• [BRIEF]: What is needed is an exact repeat of the lines from the one holding "首先准备好素材,A+B的意思就是用前面的单元格加上现在的单元格本身。" through the final line of the data, with no pictures.

• [DATASET EXCERPT]:
★ ★ ★
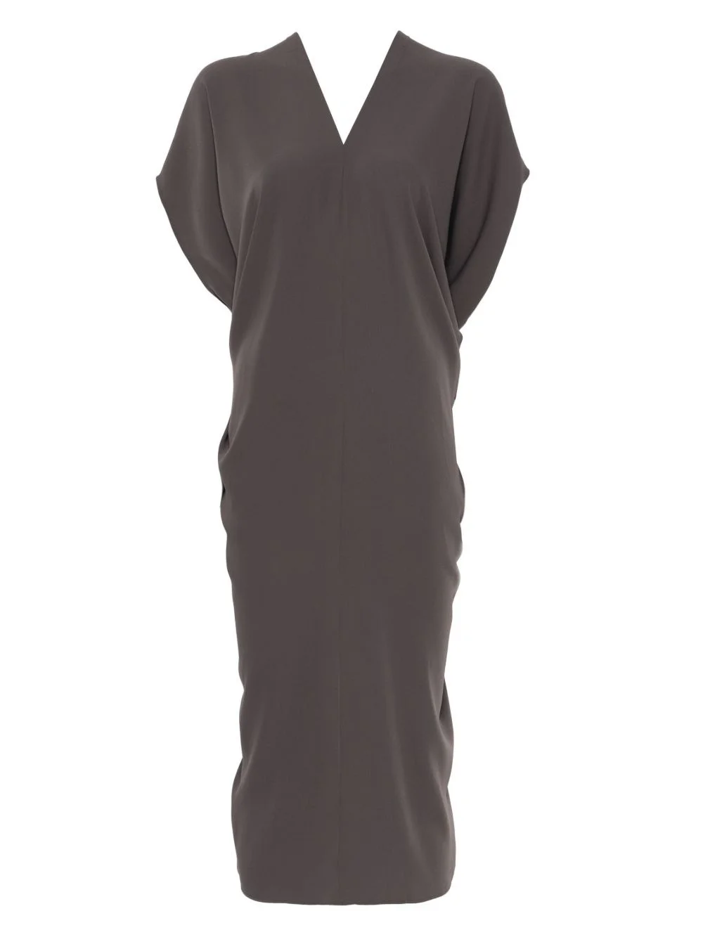 draped dress Highlights - Brown - V-neck - Short sleeves - Draped detailing - Straight hem Made in Italy Composition Polyester 100% SIZE & FIT Model measurements Height 5 ft 11 in(1.8 m) Bust/Chest 31.49 in(80 cm) Hips 36.61 in(93 cm) Waist 24.4 in(62 cm) FittingInformation Designed for a slim fit that sits just away from the body offering a close yet comfortable fit Made from a midweight non-stretch fabric, this piece offers minimal elasticity when worn
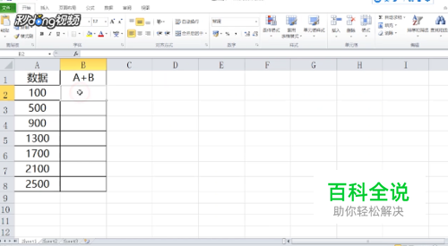 首先准备好素材,A+B的意思就是用前面的单元格加上现在的单元格本身。
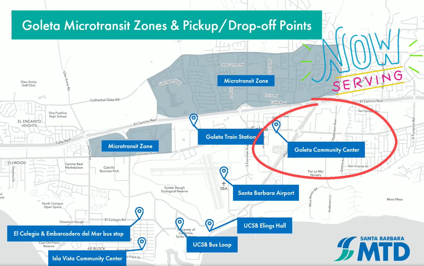 After launching a new on-demand microtransit service known as The Wave in an area of Goleta and Isla Vista in late April, Santa Barbara MTD has added a new pickup and drop-off point at the Goleta Community Center.
★ ★ ★
• [RESPONSE BELOW]:
 首先准备好素材,A+B的意思就是用前面的单元格加上现在的单元格本身。
 After launching a new on-demand microtransit service known as The Wave in an area of Goleta and Isla Vista in late April, Santa Barbara MTD has added a new pickup and drop-off point at the Goleta Community Center.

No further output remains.